The invention mainly aims at clustering images in specific activities, preferably takes the images of a ski field as a clustering retrieval object in the embodiment, and adopts an unsupervised clustering mode for the clustering of the images. Due to randomness and uncertainty of skiers in the shot images, the features of each skier cannot be extracted in advance for image matching, and therefore unsupervised clustering can be performed only on the images. When all the images corresponding to the same person are found, the feature vector corresponding to a certain target person is obtained, and meanwhile, the images of the target person can be labeled according to needs, such as 'red snow dresses, black snow trousers, blue snow boots and the like', so that the color label corresponding to the target person, namely the color label of a certain type of images, is obtained.

The embodiment provides two unsupervised clustering methods, which can be roughly classified into two steps: firstly, performing dimensionality reduction processing on an image to be clustered to extract the characteristics of the lower dimensionality of the image; secondly, clustering the extracted features by using a clustering algorithm. In the following, two unsupervised clustering methods are described.

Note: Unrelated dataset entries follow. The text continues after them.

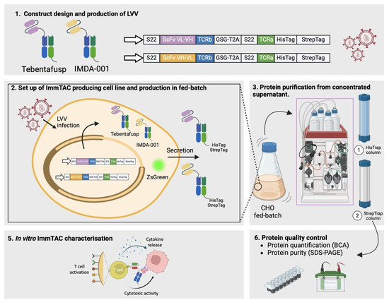 Workflow for the generation, production, and characterization of ImmTACs. The process begins with the construct design and production of lentiviral vectors (LVVs) for Tebentafusp and IMDA-001, encoding ScFv fused to TCR chains with StrepTag and HisTag for purification (1). ImmTAC-producing CHO cell lines are established via LVV infection, leading to secretion of Tebentafusp and IMDA-001 in fed-batch culture, with ZsGreen expression serving as a reporter (2). Proteins are purified from the concentrated culture supernatant using HisTrap and StrepTrap columns (3). Quality control is performed through protein quantification (BCA assay) and purity analysis (SDS-PAGE) (6). Finally, in vitro characterization of ImmTACs is carried out to evaluate T cell activation, cytokine release, and cytotoxic activity against target cells (5).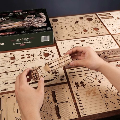 Pripraviť, zostaviť, zamerať, strieľať! Rozprúdite si krv. Máte dostatok adrenalínu pre túto otočnú, cvakajúcu a strieľajúcu obojručnú zbraň? Guľomet s otočnou hlavnou ROKR je 3D drevená puzzle zbraň, ktorej vrcholom je šesť otočných hlavných, z ktorých každá dokáže vystreliť šesť gumičiek. To je 36 vysokorýchlostných rán, ktoré môžete nabiť na odnímateľnú zostavu otočné hlavne. Táto kráska, inšpirovaná modelom XM556, naučí fanúšikov všeličo o mechanike rotačných guľometov bez toho, aby pritom mala masívnu hmotnosť. Tiež sa vyhýba zraneniu živých cieľov tým, že ako strely používa gumičky. Staňte sa svojim vlastným akčným hrdinom a objednajte si ten svoj ešte dnes! Táto stavebnica technického modelu je skvelým prvkom v akejkoľvek zbierke, či už ide o vystavenie alebo ako darček pre nadšencov do hračiek a filmov či vojenskej veteránov po celom svete. Šesťhlavňový kanón má jednoosý synchronizovaný systém riadenia paľby, ktorý ako muníciu používa gumové pásy. Každá zo šiestich hlavných pojme šesť gumových pásov pre celkom 36 výstrelov, poháňaných účinným prevodovým mechanizmom. Pre rovnomerné napnutie a plynulú streľbu vkladajte muníciu jednu po druhej a otáčajte hlavnú, kým všetky hlavne nebudú mať 6 gumičiek. Predná spúšť otáča hlavné a svetlom ohnivého draka, zatiaľ čo horná spúšť spúšťa gumičky pre dvojnásobnú zábavu a akciu. Hlavné vlastnosti: 412 presných dielikovľahká montáž bez použitia lepidlaťažká obtiažnosť zostavenierýchly, ale bezpečný systém streľby36 rýchlopalných strelodnímateľná hlaveňjedinečný dekoračný prvokvhodné ako zberateľský prvok
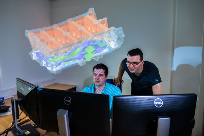 Um die Gussform für Ihr Bauteil funktionsgerecht zu konstruieren, arbeiten wir in unserer CAD-Abteilung mit der neuesten Software, führen umfangreiche Simulationsprozesse durch und prüfen Ihre Konstruktionsdaten mit Blick auf die bei uns verwendeten Guss-Technologien.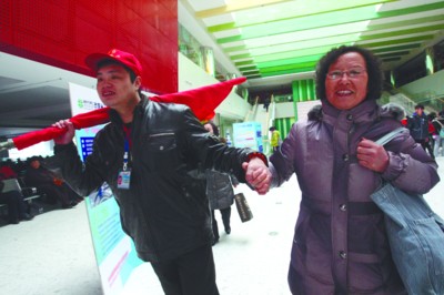 3月4日,姚俊坐在电脑前,熟练地为一位外地盲人上网输验证码。姚俊的胸前始终佩戴着慈善义工胸牌,上面的“五颗星星”闪闪发光。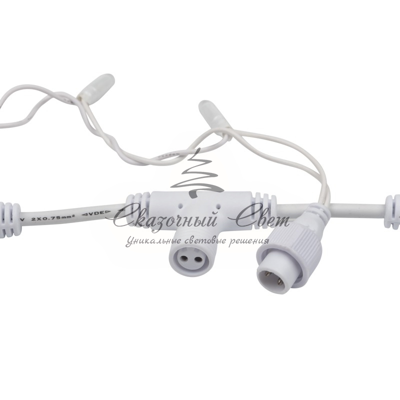 Гирлянда «Светодиодный Дождь» представляет собой гибкий горизонтальный шнур-шину (2м), к которому через определенные промежутки крепятся вертикальные нити (20 шт.) со светодиодными лампами, которые отличаются от «Бахромы» тем, что имеют одинаковую, достаточно значительную длину, часто превышающую протяженность шины. На концах каждой шины есть разъем и штепсель, которые предназначены для последовательного соединения нескольких световых дождей в большой занавес ПЛЕЙ-ЛАЙТ. Используя занавес, можно не только создавать красивые световые занавесы или оформлять различные плоскости, например, фасады домов, окна и т.д., но и украшать объемные объекты.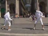Pazzi a duello di scherma in piazza Duomo a Milano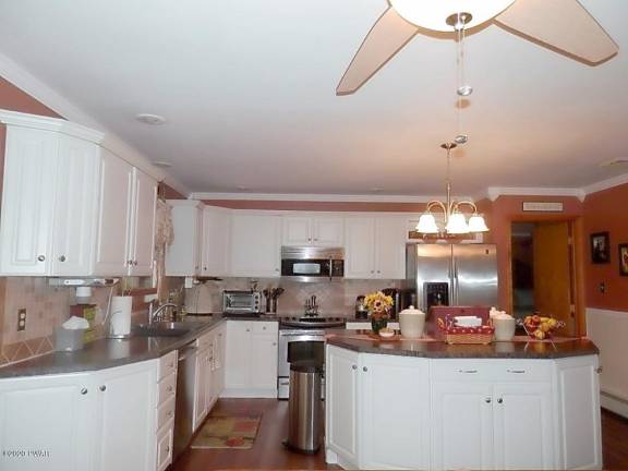 The kitchen is a chef’s dream, with custom cabinetry, an oversized island, a tiled backsplash, and stainless appliances, including a convection oven. The kitchen flows easily into the sunroom for large family gatherings.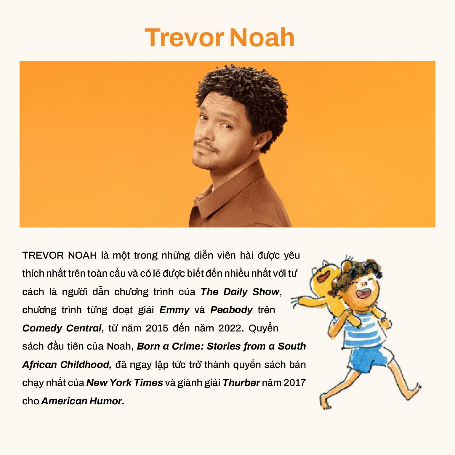 - TREVOR NOAH là một trong những diễn viên hài được yêu thích nhất trên toàn cầu và có lẽ được biết đến nhiều nhất với tư cách là người dẫn chương trình của The Daily Show, chương trình từng đoạt giải Emmy và Peabody trên Comedy Central, từ năm 2015 đến năm 2022. Quyển sách đầu tiên của Noah, Born a Crime: Stories from a South African Childhood, đã ngay lập tức trở thành quyển sách bán chạy nhất của New York Times và giành giải Thurber năm 2017 cho American Humor.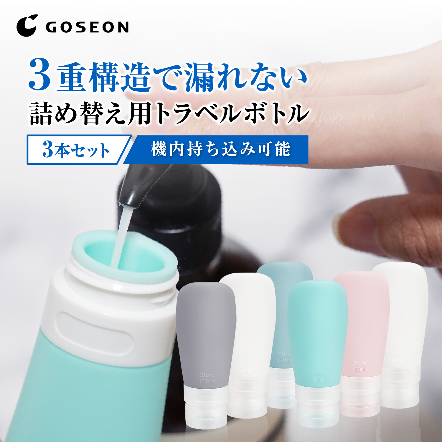 【液漏れを防ぐ特殊3重構造】旅行に必需品の液体ボトル。出張や旅先で液漏れを心配しないために開発したのがGOSEONの詰め替え用トラベルボトル。シリコンが蓋に隙間なく密着をし液漏れを防ぐ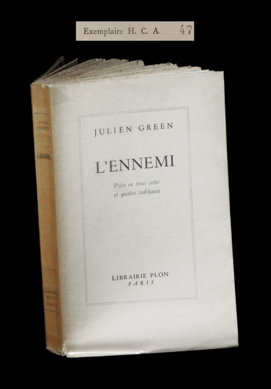 Edition originale. Un des 350 exemplaires du tirage numéroté sur Alfa-Mousse ; celui-ci comptant parmi les 50 Hors-Commerce (HC). L'ouvrage a conservé de larges témoins. ''Avant tout, il faut placer la seconde pièce de M. Julien Green - comme Sud, fa première - sur les hauteurs où lui-même veut respirer. Parmi les pièces ambitieuses, au creux desquelles Dieu et le Viable poursuivent leur duel ancien. Ici, la grâce se précipite ou se retire, les consciences entrent en effervescence ; on prononce les mois terribles de salut éternel, de foi, de Créateur et de Créature.'' (Robert Kemp). Petit défaut affectant chacune des coiffes. Du reste, très belle condition. Exemplaire non coupé.

The first unsupervised clustering method: as shown in fig. 2, a neural network trained in a large classified data set, such as VGG16, ResNet, incleption net, etc., is used to input the ski images to be clustered (images in the database) into a pre-trained neural network model, and the output result of the last convolution layer of the network is extracted as the feature vector of the image, so that the input image is subjected to dimension reduction processing, such as reducing the RGB image input as 224 × 3 to 1024 dimensions.

And training an autoencoder by using the feature vector after the dimension reduction of the image so as to further extract the feature vector of the image with lower dimension. The self-encoder belongs to unsupervised training and consists of an encoding part and a decoding part. The encoding part compresses the input into a feature vector with lower dimensionality, the decoding part is opposite, and the compressed feature vector with lower dimensionality is restored into original input data through a neuron layer which is symmetrical to the encoding part. Thus, it can be considered that the lower dimensional feature vectors resulting from the encoding portion of the encoder can better represent the original 224 × 3 RGB image.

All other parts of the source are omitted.